Morbides antibios
Le déclin des abeilles est souvent attribué aux pesticides. Un autre phénomène pourrait cependant être en cause : l’usage d’antibiotiques, courant aux Etats-Unis chez les apiculteurs industriels.
Barbara Vignaux - Publié le
C’est une nouvelle pièce à verser au dossier de l’antibiorésistance : trop d’antibiotiques finissent par tuer les abeilles. Des chercheurs de l’université du Texas, à Austin, ont en effet montré que des abeilles traitées avec ce type de médicaments avaient moitié moins de chances de survivre que des abeilles non traitées. Ils rapportent l'expérience dans Plos Biology du 14 mars.
Pour parvenir à ce résultat, l'équipe de chercheurs a prélevé des centaines d’abeilles à miel sur les ruches installées sur le toit de leur université. En laboratoire, ils ont ensuite nourri un premier groupe d’un mélange de sirop et de tétracyclines, un antibiotique d’usage courant. Le second groupe, utilisé comme témoin, n’a quant à lui reçu que du sirop. Ces deux groupes étaient facilement reconnaissables grâce aux points de couleur peints sur leur dos.
Au bout de cinq jours d'un tel régime, les chercheurs ont remis les abeilles dans leur ruche. Trois jours plus tard, ils ont dénombré les abeilles survivantes des deux groupes : seul un tiers des insectes ayant reçu des antibiotiques était encore présent dans la ruche, contre les deux tiers pour le groupe témoin.
Les abeilles, mais pas seulement...
Comment expliquer ce phénomène ? Les chercheurs ont constaté que les antibiotiques affaiblissent les bactéries protectrices présentes dans l’intestin et laissent au contraire la place aux bactéries agressives telles que Serratia. Dans une seconde étape, ils ont d'ailleurs infecté les abeilles avec cette bactérie et constaté une mortalité accrue chez les abeilles ayant reçu des tétracyclines.
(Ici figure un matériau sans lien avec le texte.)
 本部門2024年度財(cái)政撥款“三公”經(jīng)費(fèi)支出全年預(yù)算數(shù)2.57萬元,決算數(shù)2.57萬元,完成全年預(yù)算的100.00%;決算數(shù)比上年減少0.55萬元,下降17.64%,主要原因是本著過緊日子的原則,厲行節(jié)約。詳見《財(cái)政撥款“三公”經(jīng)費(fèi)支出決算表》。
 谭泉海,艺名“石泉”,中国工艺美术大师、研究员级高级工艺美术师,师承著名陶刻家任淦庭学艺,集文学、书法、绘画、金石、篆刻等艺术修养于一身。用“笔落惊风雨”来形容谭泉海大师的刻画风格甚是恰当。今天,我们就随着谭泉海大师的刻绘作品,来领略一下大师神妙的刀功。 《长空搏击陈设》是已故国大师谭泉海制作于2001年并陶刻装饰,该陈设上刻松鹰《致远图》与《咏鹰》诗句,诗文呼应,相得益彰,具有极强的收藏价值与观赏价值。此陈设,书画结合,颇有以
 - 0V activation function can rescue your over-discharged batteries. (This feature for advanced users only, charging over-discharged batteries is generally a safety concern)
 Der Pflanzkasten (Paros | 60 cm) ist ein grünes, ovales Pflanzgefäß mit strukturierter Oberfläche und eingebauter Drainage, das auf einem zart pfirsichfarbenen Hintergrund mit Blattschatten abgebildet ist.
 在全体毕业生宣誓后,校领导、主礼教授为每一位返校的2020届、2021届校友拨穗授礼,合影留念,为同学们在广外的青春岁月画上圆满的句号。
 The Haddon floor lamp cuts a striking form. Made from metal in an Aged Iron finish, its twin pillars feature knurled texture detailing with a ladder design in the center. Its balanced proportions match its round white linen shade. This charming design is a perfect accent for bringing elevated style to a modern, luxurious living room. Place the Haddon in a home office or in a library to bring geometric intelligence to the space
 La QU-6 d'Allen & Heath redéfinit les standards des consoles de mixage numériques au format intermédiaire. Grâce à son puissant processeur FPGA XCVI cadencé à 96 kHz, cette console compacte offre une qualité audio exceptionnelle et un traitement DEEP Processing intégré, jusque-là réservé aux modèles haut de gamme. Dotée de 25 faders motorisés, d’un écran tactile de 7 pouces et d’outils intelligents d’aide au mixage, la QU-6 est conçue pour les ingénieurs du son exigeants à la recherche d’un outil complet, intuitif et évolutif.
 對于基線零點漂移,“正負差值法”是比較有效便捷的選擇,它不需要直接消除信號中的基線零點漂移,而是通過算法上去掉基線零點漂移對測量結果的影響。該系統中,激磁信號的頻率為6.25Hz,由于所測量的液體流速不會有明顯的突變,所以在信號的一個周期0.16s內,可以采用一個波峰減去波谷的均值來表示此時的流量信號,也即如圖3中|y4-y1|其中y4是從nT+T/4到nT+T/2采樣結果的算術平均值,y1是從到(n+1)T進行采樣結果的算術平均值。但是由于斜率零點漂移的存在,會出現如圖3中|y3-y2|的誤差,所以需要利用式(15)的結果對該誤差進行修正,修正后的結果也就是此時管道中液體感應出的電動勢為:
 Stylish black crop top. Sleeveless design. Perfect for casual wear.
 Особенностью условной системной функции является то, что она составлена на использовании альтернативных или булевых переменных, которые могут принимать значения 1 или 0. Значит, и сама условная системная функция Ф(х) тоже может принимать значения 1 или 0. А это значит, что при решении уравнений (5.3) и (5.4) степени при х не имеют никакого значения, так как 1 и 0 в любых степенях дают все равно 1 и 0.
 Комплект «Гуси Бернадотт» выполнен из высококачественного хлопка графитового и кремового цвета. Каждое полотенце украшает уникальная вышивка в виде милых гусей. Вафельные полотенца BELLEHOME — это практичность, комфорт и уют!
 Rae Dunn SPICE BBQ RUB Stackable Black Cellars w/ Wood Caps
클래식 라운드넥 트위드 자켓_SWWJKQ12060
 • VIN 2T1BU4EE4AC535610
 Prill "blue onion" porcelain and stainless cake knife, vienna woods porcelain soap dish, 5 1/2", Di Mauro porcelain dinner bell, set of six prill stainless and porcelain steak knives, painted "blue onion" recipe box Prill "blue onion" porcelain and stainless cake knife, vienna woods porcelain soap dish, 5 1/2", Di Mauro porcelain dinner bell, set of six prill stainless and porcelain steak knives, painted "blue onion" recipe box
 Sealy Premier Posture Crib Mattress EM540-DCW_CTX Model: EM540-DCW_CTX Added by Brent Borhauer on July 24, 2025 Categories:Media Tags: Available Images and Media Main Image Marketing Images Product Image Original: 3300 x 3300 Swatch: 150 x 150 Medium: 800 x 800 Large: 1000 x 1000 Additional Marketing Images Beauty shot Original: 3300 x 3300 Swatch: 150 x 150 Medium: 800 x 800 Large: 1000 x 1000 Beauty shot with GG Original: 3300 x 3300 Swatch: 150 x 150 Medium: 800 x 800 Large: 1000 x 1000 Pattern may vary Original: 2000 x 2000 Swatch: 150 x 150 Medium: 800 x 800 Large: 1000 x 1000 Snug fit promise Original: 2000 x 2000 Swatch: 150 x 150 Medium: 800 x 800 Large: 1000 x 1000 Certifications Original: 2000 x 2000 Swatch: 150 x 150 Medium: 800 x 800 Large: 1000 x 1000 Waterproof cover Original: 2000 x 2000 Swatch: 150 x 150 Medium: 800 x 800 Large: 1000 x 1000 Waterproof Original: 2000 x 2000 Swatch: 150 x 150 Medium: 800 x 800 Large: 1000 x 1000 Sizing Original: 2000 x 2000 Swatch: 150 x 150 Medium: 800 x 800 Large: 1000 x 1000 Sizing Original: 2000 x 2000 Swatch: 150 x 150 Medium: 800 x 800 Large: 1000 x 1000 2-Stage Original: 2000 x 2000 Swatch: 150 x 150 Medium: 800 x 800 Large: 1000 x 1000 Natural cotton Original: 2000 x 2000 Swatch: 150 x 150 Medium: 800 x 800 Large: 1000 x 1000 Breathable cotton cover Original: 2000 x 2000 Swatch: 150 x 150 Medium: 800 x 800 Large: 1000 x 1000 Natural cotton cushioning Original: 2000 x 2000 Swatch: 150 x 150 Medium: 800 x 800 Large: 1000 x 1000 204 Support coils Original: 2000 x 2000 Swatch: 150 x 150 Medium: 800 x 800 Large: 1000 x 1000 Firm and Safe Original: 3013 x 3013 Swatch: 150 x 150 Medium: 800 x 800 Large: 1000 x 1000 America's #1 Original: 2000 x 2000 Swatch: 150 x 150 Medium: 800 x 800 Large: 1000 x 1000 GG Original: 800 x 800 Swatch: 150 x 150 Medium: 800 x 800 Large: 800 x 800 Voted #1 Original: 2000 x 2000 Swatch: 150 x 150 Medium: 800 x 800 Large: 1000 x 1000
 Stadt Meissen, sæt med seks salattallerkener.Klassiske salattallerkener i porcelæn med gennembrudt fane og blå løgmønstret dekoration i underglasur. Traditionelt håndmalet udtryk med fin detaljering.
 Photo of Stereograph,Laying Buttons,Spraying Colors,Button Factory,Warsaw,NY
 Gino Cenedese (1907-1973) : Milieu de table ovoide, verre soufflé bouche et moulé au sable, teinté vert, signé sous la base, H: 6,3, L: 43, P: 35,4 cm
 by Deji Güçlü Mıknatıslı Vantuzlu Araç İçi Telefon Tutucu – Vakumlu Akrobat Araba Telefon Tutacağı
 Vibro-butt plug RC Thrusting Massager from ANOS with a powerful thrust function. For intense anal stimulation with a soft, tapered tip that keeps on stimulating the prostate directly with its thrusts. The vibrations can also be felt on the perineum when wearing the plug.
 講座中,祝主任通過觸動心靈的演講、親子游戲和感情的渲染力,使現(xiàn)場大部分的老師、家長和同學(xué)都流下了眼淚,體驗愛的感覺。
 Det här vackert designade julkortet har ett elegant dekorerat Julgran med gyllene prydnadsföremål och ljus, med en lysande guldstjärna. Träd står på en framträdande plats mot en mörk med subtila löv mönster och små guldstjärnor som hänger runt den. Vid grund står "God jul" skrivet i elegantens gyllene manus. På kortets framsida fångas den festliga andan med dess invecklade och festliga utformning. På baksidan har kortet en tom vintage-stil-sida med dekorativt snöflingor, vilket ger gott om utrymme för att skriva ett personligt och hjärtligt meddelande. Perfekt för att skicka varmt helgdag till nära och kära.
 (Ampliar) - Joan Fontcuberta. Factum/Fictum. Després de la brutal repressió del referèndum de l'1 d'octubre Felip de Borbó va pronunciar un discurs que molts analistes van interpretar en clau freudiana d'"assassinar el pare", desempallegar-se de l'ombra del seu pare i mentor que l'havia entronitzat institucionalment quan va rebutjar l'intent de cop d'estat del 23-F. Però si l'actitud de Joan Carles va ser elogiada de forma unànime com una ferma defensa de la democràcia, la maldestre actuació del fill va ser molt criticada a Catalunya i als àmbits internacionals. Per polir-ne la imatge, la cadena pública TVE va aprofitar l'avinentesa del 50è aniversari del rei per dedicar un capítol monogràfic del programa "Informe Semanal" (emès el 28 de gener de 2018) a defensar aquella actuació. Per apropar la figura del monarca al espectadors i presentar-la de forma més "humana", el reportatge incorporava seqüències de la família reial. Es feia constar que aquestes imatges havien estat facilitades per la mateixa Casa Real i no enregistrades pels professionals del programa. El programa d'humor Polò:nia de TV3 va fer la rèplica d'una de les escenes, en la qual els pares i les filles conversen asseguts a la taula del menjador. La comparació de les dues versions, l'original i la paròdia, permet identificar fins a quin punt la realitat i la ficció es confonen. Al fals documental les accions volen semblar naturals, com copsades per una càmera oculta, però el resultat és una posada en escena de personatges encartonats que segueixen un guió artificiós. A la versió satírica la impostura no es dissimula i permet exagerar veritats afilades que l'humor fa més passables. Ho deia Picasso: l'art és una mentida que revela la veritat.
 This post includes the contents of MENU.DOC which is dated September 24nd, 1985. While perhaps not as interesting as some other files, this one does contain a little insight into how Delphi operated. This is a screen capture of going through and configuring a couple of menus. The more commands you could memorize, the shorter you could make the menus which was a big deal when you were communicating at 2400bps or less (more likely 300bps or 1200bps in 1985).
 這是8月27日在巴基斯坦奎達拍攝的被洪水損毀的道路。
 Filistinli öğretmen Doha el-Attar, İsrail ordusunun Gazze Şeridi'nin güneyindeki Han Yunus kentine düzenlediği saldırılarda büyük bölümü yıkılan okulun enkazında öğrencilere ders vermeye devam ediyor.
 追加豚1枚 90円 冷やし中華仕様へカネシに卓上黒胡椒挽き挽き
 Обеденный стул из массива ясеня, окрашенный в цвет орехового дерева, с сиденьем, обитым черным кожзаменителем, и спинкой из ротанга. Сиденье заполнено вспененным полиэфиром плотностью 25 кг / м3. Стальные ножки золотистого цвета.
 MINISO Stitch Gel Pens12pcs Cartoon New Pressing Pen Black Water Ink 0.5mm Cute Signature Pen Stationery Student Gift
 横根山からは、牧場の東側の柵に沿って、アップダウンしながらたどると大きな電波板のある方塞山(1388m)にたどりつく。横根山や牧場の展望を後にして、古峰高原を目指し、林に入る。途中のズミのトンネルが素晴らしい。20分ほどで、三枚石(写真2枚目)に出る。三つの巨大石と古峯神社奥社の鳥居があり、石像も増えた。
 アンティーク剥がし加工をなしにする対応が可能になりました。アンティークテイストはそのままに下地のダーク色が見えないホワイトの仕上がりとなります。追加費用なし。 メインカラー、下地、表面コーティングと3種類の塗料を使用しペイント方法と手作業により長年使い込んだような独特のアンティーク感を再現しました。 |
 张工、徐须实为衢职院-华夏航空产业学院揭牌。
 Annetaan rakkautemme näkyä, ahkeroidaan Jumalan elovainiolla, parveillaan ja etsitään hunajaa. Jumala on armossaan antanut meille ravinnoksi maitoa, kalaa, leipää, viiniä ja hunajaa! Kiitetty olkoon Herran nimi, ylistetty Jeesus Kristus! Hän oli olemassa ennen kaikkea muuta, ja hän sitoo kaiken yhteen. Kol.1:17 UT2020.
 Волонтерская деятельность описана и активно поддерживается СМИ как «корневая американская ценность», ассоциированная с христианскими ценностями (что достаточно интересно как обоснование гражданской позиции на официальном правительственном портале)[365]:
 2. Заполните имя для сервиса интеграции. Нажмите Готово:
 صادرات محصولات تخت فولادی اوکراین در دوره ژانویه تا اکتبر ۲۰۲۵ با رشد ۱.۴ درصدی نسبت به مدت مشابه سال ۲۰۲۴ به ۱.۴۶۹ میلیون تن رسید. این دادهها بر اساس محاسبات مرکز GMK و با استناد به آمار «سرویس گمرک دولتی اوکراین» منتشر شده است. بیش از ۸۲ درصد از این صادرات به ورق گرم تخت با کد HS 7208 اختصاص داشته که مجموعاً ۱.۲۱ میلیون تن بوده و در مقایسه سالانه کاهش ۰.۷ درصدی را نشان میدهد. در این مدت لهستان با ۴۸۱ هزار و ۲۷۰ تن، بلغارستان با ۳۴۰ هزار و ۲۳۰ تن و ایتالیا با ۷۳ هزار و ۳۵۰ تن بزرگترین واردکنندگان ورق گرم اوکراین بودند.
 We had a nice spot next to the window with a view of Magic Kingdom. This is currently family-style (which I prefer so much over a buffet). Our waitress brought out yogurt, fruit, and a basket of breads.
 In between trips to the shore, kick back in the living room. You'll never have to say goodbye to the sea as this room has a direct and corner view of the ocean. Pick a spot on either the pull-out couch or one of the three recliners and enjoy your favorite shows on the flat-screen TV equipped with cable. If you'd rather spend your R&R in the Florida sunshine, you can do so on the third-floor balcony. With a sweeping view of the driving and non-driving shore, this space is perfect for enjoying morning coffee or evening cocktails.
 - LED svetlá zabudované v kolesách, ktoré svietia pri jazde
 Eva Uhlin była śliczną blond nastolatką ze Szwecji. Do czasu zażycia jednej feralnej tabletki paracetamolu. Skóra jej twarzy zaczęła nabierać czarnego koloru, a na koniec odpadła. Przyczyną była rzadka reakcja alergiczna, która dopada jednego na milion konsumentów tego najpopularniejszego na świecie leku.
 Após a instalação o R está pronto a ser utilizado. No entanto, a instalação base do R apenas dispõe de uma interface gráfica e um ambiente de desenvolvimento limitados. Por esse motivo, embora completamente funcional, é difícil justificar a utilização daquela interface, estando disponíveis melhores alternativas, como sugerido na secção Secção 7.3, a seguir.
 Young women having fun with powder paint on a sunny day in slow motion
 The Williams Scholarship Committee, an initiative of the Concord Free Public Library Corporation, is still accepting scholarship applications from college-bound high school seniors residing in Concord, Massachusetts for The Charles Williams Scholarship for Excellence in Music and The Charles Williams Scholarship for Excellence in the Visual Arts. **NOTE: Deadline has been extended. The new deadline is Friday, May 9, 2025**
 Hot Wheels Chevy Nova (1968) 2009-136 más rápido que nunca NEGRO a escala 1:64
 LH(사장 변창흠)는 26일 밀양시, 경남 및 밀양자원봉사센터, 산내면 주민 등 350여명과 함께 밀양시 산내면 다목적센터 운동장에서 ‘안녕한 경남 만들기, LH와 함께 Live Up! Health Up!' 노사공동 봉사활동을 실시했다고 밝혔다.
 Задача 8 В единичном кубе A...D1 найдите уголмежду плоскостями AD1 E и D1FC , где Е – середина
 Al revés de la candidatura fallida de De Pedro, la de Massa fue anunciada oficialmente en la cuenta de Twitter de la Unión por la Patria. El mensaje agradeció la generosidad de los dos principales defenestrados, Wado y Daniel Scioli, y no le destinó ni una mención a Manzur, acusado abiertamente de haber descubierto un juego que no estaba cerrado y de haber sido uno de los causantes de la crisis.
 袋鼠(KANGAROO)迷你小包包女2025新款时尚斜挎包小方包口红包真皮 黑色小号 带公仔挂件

Dans cette vidéo (en anglais) réalisée par l'université du Texas, la chercheuse, Kasie Raymann, explique qu'elle a placé les abeilles dans un environnement froid, de manière à les endormir, avant de les marquer sur le dos et de leur donner, soit du sucre seul, soit du sucre avec des antibiotiques.
Cette découverte est susceptible d’intéresser les apiculteurs industriels aux Etats-Unis, qui appliquent des antibiotiques sur leurs ruches plusieurs fois par an, alors que c’est illégal en France. Il est intéressant de noter que, comme chez les humains, les abeilles possèdent une importante flore intestinale impliquée dans de multiples fonctions telles que l’absorption des nutriments ou l’immunité de l’organisme.